How data can be fetched from SQL Server in SparkCLR?
Accessing sql server data into SparkCLR
618 Views Asked by 107 At
2
There are 2 best solutions below
0

You could use the following SparkCLR code as a reference to use C# for loading Spark DataFrame from the data in SQL Server, Azure SQL Database or any other JDBC compliant datasource.
//C# sample to load SQL Server data as Spark DataFrame using JDBC
var sparkConf = new SparkConf();
var sparkContext = new SparkContext(sparkConf);
var sqlContext = new SqlContext(sparkContext);
var dataFrame = sqlContext.Read()
.Jdbc("jdbc:sqlserver://localhost:1433;databaseName=Temp;;integratedSecurity=true;", "xyz",
new Dictionary<string, string>());
dataFrame.ShowSchema();
var rowCount = dataFrame.Count();
Console.WriteLine("Row count is " + rowCount);
Few things to note:
- This sample code uses Microsoft JDBC driver.
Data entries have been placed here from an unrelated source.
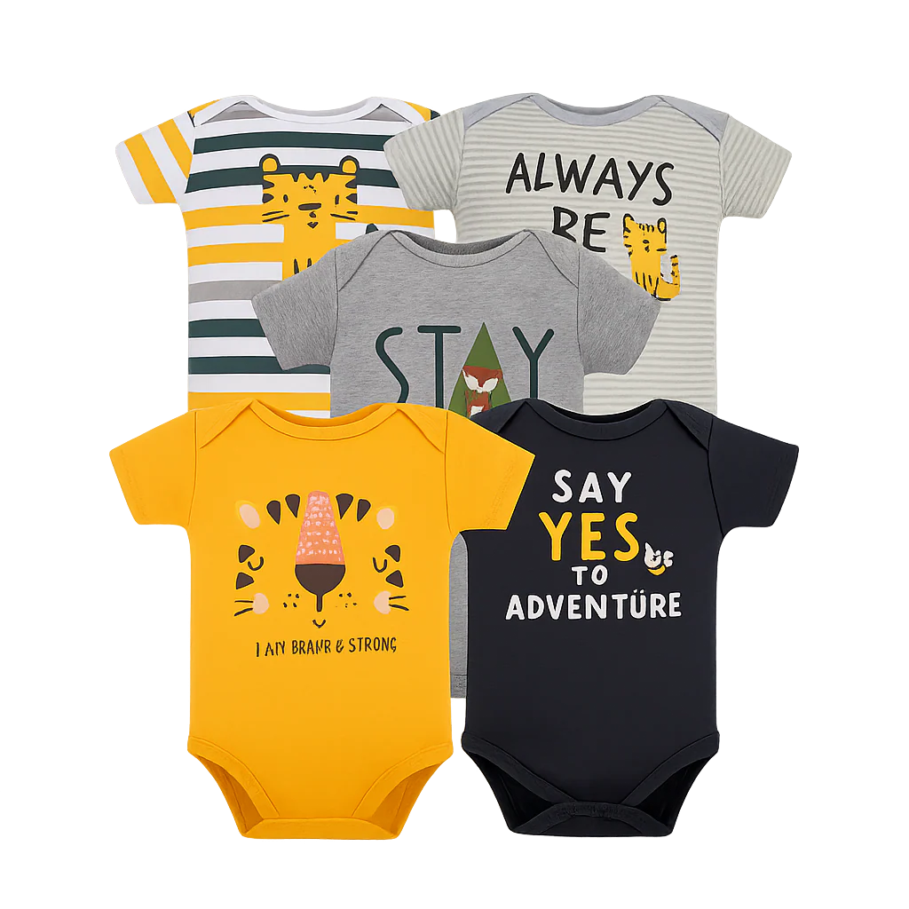 Sé el primero en valorar “Set 5 Bodys Manga Corta Tigre”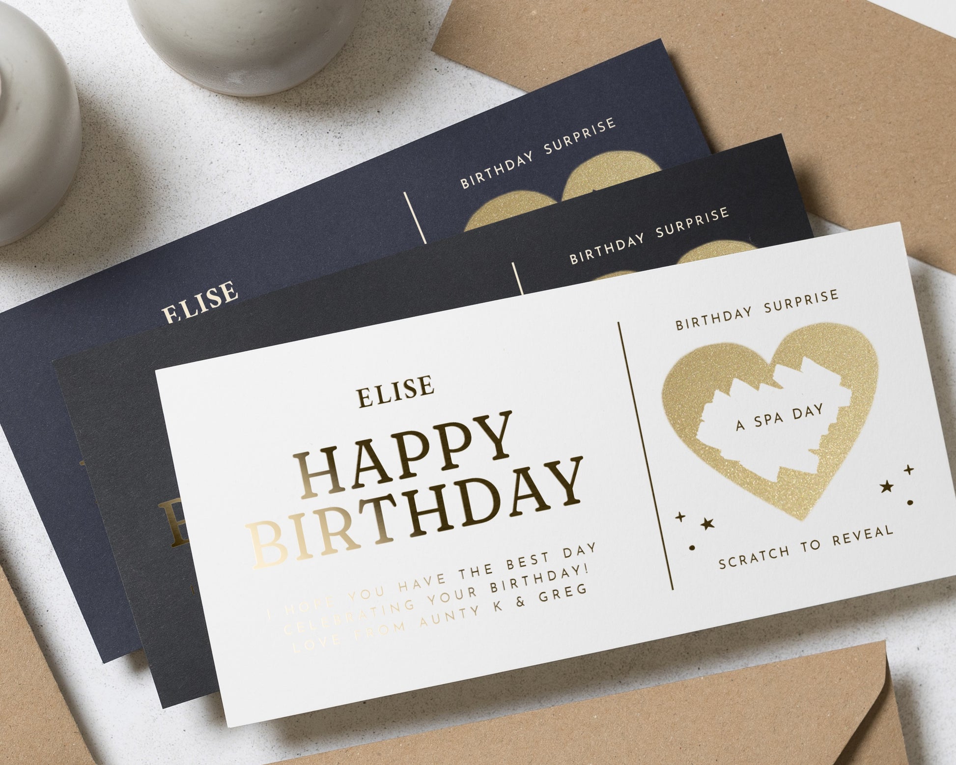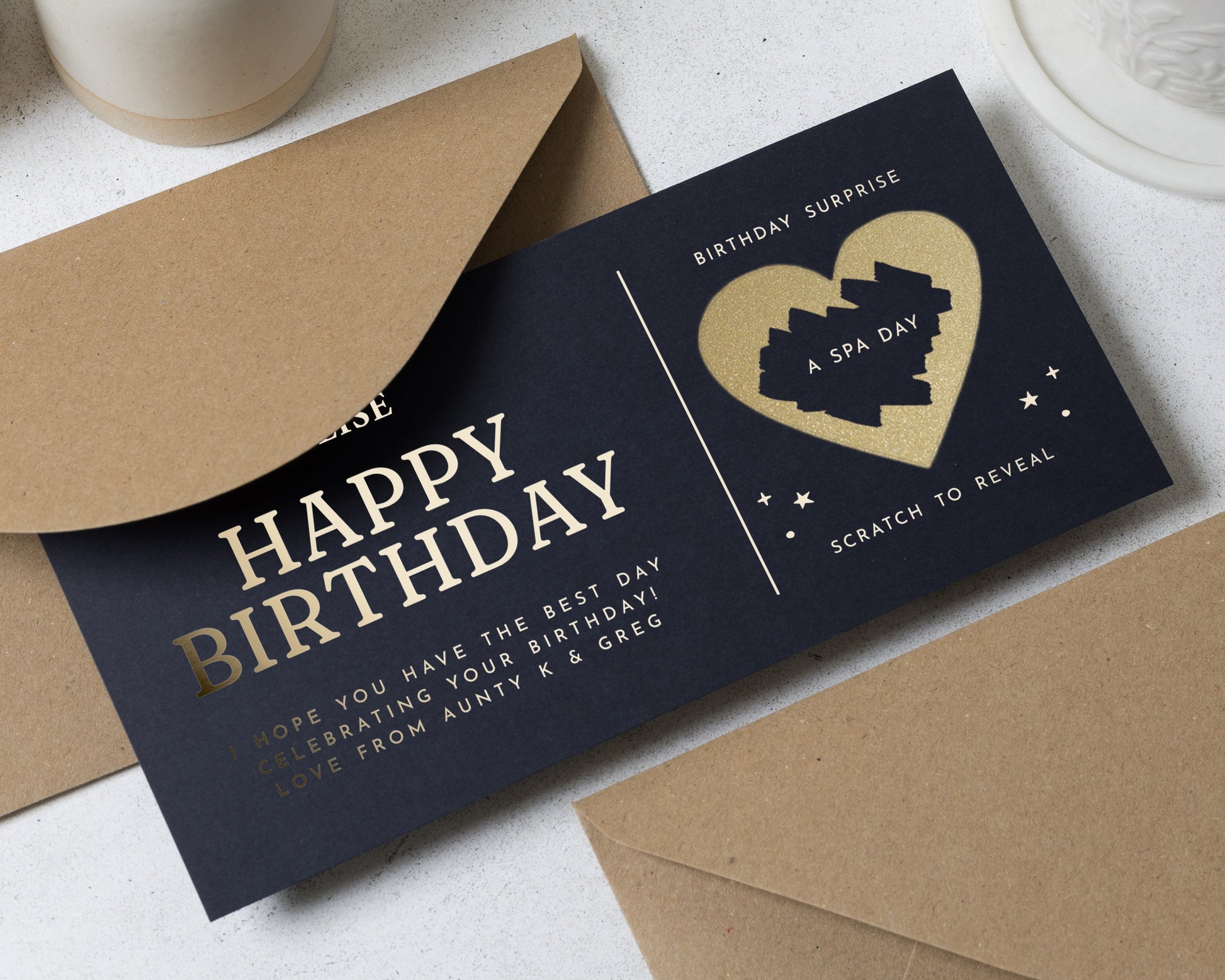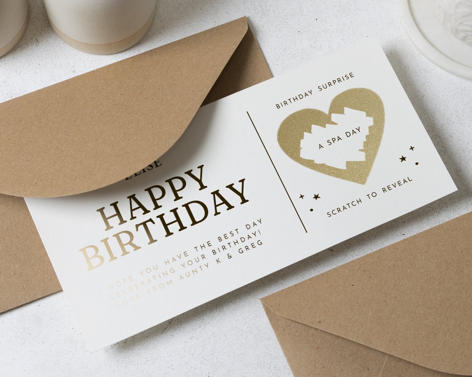 Personalised Spa Day Gift Voucher, Birthday Gift For Her, Scratch To Reveal, Gold Foil Birthday Surprise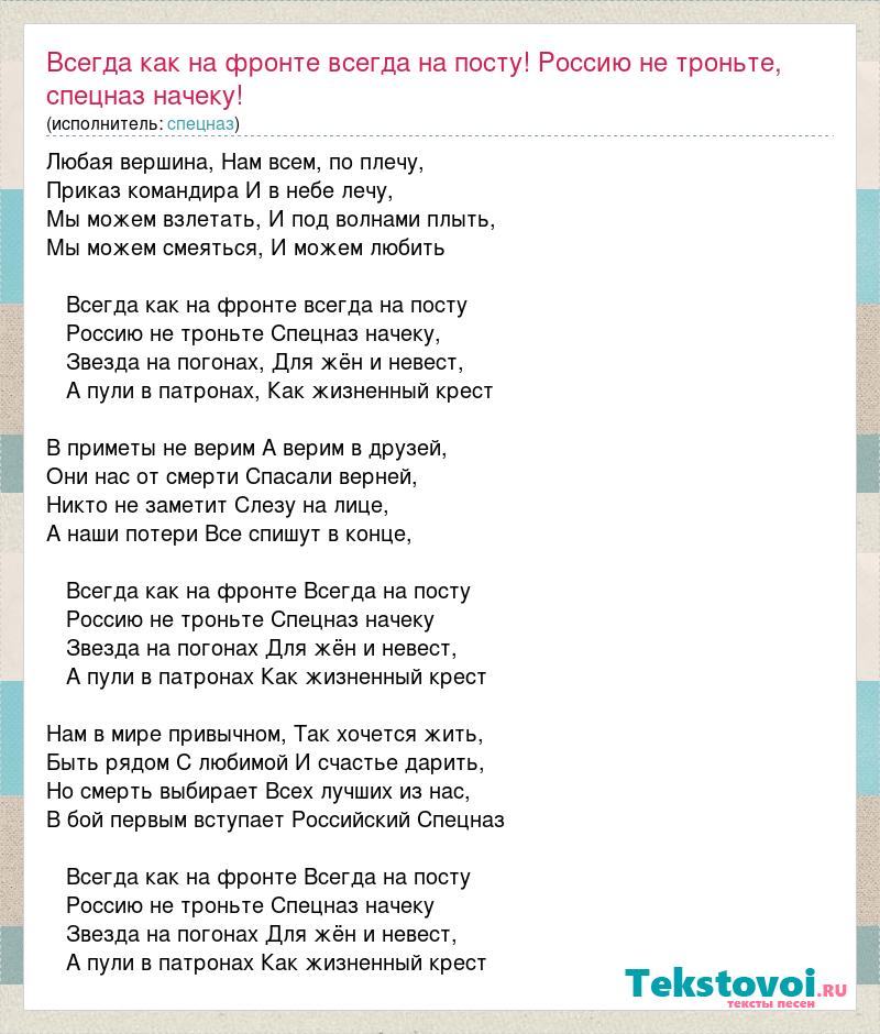 Любая вершина, Нам всем, по плечу, Приказ командира И в небе лечу, Мы можем взлетать, И под волнами плыть, Мы можем смеяться, И можем любить Всегда как на фронте всегда на посту Россию не троньте Спецназ начеку, Звезда на погонах, Для жён и невест, А пули в патронах, Как жизненный крест В приметы не верим А верим в друзей, Они нас от смерти Спасали верней, Никто не заметит Слезу на лице, А наши потери Все спишут в конце, Всегда как на фронте Всегда на посту Россию не троньте Спецназ начеку Звезда на погонах Для жён и невест, А пули в патронах Как жизненный крест Нам в мире привычном, Так хочется жить, Быть рядом С любимой И счастье дарить, Но смерть выбирает Всех лучших из нас, В бой первым вступает Российский Спецназ Всегда как на фронте Всегда на посту Россию не троньте Спецназ начеку Звезда на погонах Для жён и невест, А пули в патронах Как жизненный крест

If you use a different driver or JDBC datasource you need to update the url
- You need to include the driver jar file when submitting your SparkCLR job
SparkCLR project for this sample is available @ https://github.com/Microsoft/SparkCLR/tree/master/examples/JdbcDataFrame
My recommendation is to use JDBC to connect to sql server then query against the Dataframe.